On pourrait affirmer, sans ne guère s’éloigner de la vérité, que désormais, la moitié du peuple vit laborieusement et à grand-peine pour payer l’intempérance et la scélératesse de ceux qui gouvernent.

L’autre moitié est grassement payée par ces gouvernants pour opprimer, combattre, ou espionner la première.

Les époques changent en se retournant sur elles-mêmes Renée.

Le temps est disloqué.

Chère Renée,

Comme je te l’ai dit l’autre fois (tu t’en souviens?), il est possible que notre échange soit publié dans la revue du Centre du Théâtre d’Aujourd’hui. Alors, on me demandera surement d’écrire un épilogue. J’imagine cette épilogue sous la forme d’une lettre qui te serait adressée. Ce serait un peu comme un mensonge, même si tout est vrai, puisqu’en l’écrivant je penserais toujours aussi à ceux qui nous liraient. Ça irait comme cela : 

Chère Renée,

Je ne t’ai jamais revue après mon retour de Rome. Tu ne m’as jamais envoyé tes photos, tu n’as pas accusé la réception des miennes.
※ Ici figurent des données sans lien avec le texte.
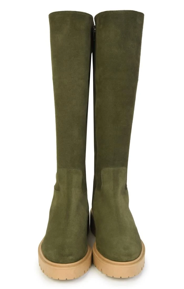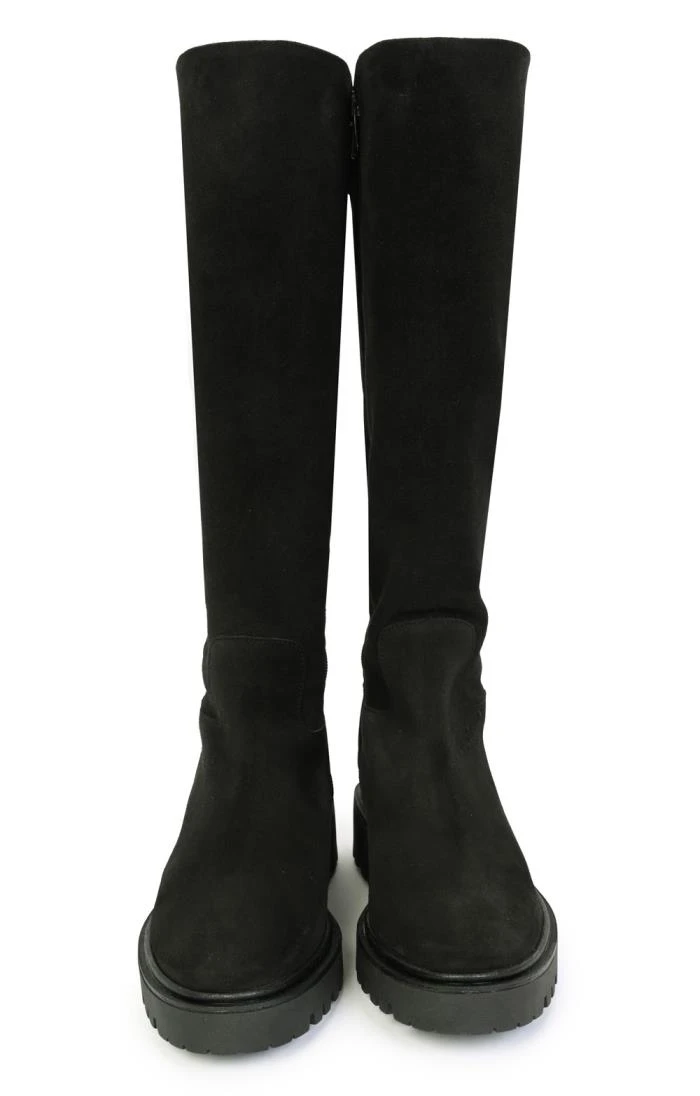 Finely textured premium suede brings a lavish tactile appeal to these chunky sole tall boots, which feature a full-length side zip and a metal stud at the top rear. Impeccably smart with cleanly-sculpted lines that show off their continental origins, these stunning boots will always be appreciated.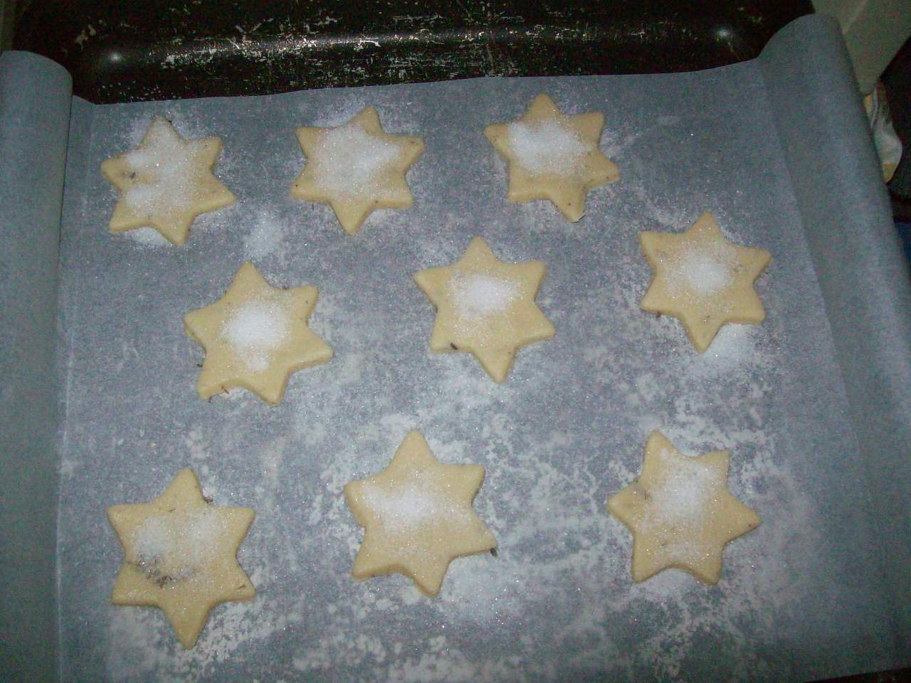 "coperchio chiuso" inserire tutti gli ingredienti, tranne lo zucchero x la decorazione : 20sec / vel 5. Stendere l'impasto ( 5mm), ritagliare dei biscotti a piecere, spolverli generosamente con lo zucchero. Cuocerli nel forno già caldo: 170° / 10-15min. Raffreddarli fuori. Io li ho decorati anche con le gocce di ciocco.

Mais je te pardonne, tu dois être dans le jus : depuis la dernière fois que nous nous sommes vues, les hordes de boneheads sont sorties au grand jour. Les poissons que nous sommes ont élu Cinnamon Hitler. On mettrait un gros cap d’acide dans son café, pour moins.

Tu ne pêches plus devant le Tim Horton, mais moi j’ai ton adresse courriel. 

Ton nom complet : Renée V******

L’image sur ton gmail est la devise d’Anonymous :

Do not forgive, we do not forget, expect us.

J’ai trouvé ta page Facebook ; tu n’y as pas mis les pieds depuis avril dernier. Un vieux MySpace aussi, qui porte encore ton nom. Les photos datent d’il y a des lustres, mais je te reconnais, elles viennent de Charlottetown, Prince-Edward Island. Sur les images tu sembles être dans ta maison familiale. Ton visage est tout rond, ta dentition parfaite, sur l’étagère, derrière toi, trône une armée de toutous. Je me suis arrêtée là. 

Ce qu’on ne sait pas nous met à l’abri quelquefois.

Mon ignorance, souvent, me sert de toit.

Il m’arrive encore de te parler, en voyant quelque chose. Nous conversons ensemble, bien au chaud dans ma tête. C’est mieux que sur Mont-Royal : l’hiver est arrivé. On serait ben gelées toutes les deux, mais pas de la même manière ; j’aurais encore perdu ma tuque et toi l’esprit de synthèse.

Il parait que les choses changent.

Pourtant l’hiver est revenu Renée, pas de chance.